Imbiriba tetrapetala
- Conservation status: Endangered (IUCN 3.1)

Scientific classification
- Kingdom: Plantae
- Clade: Tracheophytes
- Clade: Angiosperms
- Clade: Eudicots
- Clade: Asterids
- Order: Ericales
- Family: Lecythidaceae
- Genus: Imbiriba
- Species: I. tetrapetala
- Binomial name: Imbiriba tetrapetala (S.A.Mori) O.M.Vargas, M.Ribeiro & C.W.Dick
- Synonyms: Eschweilera tetrapetala S.A.Mori

= Imbiriba tetrapetala =

- Genus: Imbiriba
- Species: tetrapetala
- Authority: (S.A.Mori) O.M.Vargas, M.Ribeiro & C.W.Dick
- Conservation status: EN
- Synonyms: Eschweilera tetrapetala S.A.Mori

Species of flowering plant

Imbiriba tetrapetala is a species of flowering plant in the family Lecythidaceae.
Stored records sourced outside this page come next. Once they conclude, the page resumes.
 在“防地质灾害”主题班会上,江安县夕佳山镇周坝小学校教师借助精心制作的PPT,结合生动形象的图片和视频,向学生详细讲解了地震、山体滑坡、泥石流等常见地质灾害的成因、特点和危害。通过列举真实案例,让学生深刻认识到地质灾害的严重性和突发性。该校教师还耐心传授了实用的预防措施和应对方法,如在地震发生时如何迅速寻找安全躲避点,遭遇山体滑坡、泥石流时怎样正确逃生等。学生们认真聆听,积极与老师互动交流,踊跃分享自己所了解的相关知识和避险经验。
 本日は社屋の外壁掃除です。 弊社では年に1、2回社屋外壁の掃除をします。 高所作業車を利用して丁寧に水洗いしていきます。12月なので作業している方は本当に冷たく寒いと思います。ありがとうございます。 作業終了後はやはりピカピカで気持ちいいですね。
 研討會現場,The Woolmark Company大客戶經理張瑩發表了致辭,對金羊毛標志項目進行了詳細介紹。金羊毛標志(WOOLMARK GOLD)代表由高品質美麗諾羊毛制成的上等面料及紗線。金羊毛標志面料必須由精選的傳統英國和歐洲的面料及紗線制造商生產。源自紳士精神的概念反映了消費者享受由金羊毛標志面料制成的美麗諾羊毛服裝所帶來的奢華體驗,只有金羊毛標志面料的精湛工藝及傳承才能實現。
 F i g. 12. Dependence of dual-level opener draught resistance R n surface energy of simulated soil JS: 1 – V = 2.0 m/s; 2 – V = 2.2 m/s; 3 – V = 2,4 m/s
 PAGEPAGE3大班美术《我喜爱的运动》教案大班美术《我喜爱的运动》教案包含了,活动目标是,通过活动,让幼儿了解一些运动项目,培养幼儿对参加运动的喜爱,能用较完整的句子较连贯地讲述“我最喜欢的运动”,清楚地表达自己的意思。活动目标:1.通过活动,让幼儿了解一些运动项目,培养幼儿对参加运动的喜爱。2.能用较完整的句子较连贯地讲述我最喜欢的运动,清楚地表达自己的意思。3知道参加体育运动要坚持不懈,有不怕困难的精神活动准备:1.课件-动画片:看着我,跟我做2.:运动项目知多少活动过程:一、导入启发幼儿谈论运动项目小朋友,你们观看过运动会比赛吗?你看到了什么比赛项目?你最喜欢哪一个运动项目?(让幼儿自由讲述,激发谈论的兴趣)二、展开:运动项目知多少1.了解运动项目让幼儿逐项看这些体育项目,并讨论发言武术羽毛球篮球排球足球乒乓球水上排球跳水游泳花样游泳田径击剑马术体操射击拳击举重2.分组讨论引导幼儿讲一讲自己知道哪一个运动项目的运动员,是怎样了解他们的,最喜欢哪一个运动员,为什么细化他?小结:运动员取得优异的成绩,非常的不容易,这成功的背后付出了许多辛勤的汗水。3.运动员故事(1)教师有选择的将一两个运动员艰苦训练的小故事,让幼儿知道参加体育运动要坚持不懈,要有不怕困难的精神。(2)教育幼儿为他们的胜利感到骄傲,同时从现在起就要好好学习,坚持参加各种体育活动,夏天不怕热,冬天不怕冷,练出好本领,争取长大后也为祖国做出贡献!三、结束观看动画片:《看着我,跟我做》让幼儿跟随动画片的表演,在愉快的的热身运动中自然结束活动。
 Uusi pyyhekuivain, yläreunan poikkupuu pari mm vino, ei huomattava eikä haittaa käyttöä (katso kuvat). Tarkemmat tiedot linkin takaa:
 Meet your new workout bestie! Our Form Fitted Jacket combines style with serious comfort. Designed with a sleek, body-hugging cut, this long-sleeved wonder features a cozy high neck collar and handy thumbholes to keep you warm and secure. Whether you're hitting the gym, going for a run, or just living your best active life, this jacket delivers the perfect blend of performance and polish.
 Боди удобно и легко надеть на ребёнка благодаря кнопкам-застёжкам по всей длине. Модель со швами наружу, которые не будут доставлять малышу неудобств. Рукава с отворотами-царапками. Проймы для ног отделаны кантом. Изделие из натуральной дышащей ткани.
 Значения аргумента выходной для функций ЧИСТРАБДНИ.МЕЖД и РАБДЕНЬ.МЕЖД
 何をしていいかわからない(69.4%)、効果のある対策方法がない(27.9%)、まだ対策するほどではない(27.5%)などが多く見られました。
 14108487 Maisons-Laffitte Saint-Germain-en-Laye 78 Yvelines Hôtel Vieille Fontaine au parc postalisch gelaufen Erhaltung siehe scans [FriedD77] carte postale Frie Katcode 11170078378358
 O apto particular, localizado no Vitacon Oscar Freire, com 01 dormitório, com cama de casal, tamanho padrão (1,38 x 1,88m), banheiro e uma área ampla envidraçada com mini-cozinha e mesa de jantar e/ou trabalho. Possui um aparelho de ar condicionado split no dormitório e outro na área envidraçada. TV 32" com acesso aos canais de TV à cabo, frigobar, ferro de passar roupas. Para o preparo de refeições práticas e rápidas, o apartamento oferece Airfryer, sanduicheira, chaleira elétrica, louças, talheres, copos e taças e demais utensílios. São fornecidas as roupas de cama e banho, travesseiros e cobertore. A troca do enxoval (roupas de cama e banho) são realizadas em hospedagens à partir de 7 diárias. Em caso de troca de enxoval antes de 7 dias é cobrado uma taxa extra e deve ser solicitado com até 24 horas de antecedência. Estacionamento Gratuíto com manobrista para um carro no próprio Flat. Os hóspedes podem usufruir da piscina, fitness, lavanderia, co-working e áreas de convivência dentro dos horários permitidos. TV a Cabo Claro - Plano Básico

It is a tree endemic to southeastern Bahia state in northeastern Brazil. It grows in the Atlantic dry forests and seasonally-dry Bahia interior forests, which are part of the Atlantic Forest complex of eastern Brazil. It is threatened by habitat loss.

The species was first described as Eschweilera tetrapetala by Scott Alan Mori in 1981. In 2024 Oscar Mauricio Vargas, Michel Ribeiro, and Christopher W. Dick placed the species in the newly described genus Imbiriba as I. tetrapetala.